From the March 1945 issue of the Socialist Standard
A typical piece of modem capitalist industrial development—affecting principally the Swansea-Llanelly area this time—was announced towards the end of January by Mr. Hugh Dalton, President of the Board of Trade (South Wales Evening Post, January 29, 1945). It is an occasion with some useful lessons for Socialists.
It followed closely upon arrangements for merging two of Britain's largest steel and tinplate concerns—Richard Thomas's and Baldwins—and was dead in line with the modern capitalist tendency to concentrate wealth and prosperity in fewer and fewer hands. Now Mr. Dalton, with a pontifical gravity well suited to a political administrator of grand imperial capitalism, proclaimed that Richard Thomas’s, Baldwins, Quest, Keen, Nettlefolds, Briton Ferry Steel and Llanelly Steel were collaborating with a view .to the erection of a hot-strip mill for tinplates and sheets at Port Talbot. This was heralded by the local evening paper with the sort of gravely respectful headlines that it uses for royal visits. The renovation of archbishoprics, and sensations in stocks-and-shares adventures. “Four companies combining to modernise industry,” it commences, quite moderate, rising crescendo to a perfect paean of worshipful ecstasy—'‘Passing of bad old days.”
Before we allow ourselves to be lifted into the blue by the angelic upsurge of adoration for those modern saints, the captains of industry, let us look at some of the cold sober facts that are always related to this sort of capitalist attainment (which is, of course, the usual, inevitable flowering of Big Business).
Concentration of capital—fewer capitalists owning more—is the integral factor. Second aspect is that of a major offensive in the perpetual war between contending capitalist interests. In this case, the war for markets between the American and British steel and tinplate industries. The Americans won a great initial advantage by their early adoption of the "strip mill ” system, whereby the whole process of production, from raw material to finished bulk product, is carried out on one site, like the introduction of a pig into one end of a machine and its emergence as neatly labelled sausages at the other. American steel and tinplates, produced more cheaply than their British competitor, bade fair to dominate the markets of the world. All the blood shed on the Western Front could not damp the ardour of the coming battle on the industrial field. To-day the hand is grasped, to-morrow the throat:, what does it matter to the industrial princes? This hungry, frustrated unemployed are unspectacular casualties. . . .
But here comes the British counter-blow: British interests, too, adopt the strip mill. A strategic victory! But before we cheer ourselves hoarse, let us look at the probable cost.

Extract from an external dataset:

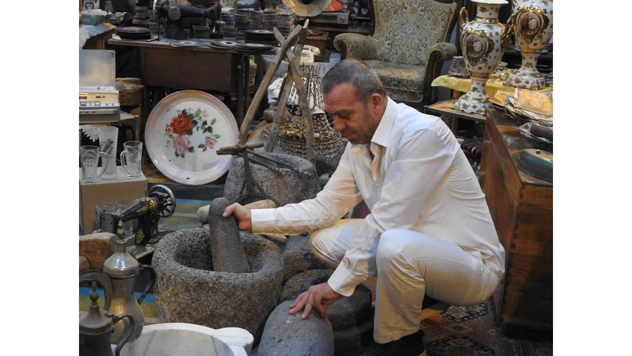 Kilis'teki bir antikacı dükkanında sergilenen yöresel ürünlerin üretiminde kullanılan eşyalar, ziyaretçileri geçmişe götürüyor. Antikacıyı gezen vatandaşlar, o dönemlerde üretimin ne kadar zor şartlarda yapıldığını ifade ediyor. Yaklaşık 20 yıldır antikacılık yaptığını belirten Murat Üzümbalı, Türkiye'nin farklı illerinden gelen ziyaretçilerin yöresel ürünlerin yapımında kullanılan taşları büyük bir ilgiyle incelediğini söyledi.

It is not peculiar; it always happens on grand occasions of this sort: it has happened before, or other things like it, in our rough island story, and it will happen again. In this case, one single huge highly economical concern will be able to dominate Britain's share of a great world industry from Port Talbot. To the West, in places like the Dulais and Llwchwr districts, the older-fashioned methods will be unable to compete: unemployment will increase in those areas astronomically, and only a small number of the displaced could be absorbed in the new strip mill. There will be many slender post-war wage packets (or dole packets!) in West Glamorgan, but "these things, you know, must be in every famous victory."
Yet, goodness knows, there is enough need for things made of steel and tinned plate to keep a dozen Port Talbots and a lot more Gorseinons, Loughors, etc., working full-pelt for ever; and it could be that way, too, if only we had Socialism, and things were produced solely for use instead of as commodities to bring profits for the owner class. Under capitalism improved methods of production, such as strip mill, mean higher and safer profits for the owner class. They also threaten many workers, often whole communities, with poverty, insecurity, ruin. Under Socialism such improvements will mean a higher standard of living for the whole community.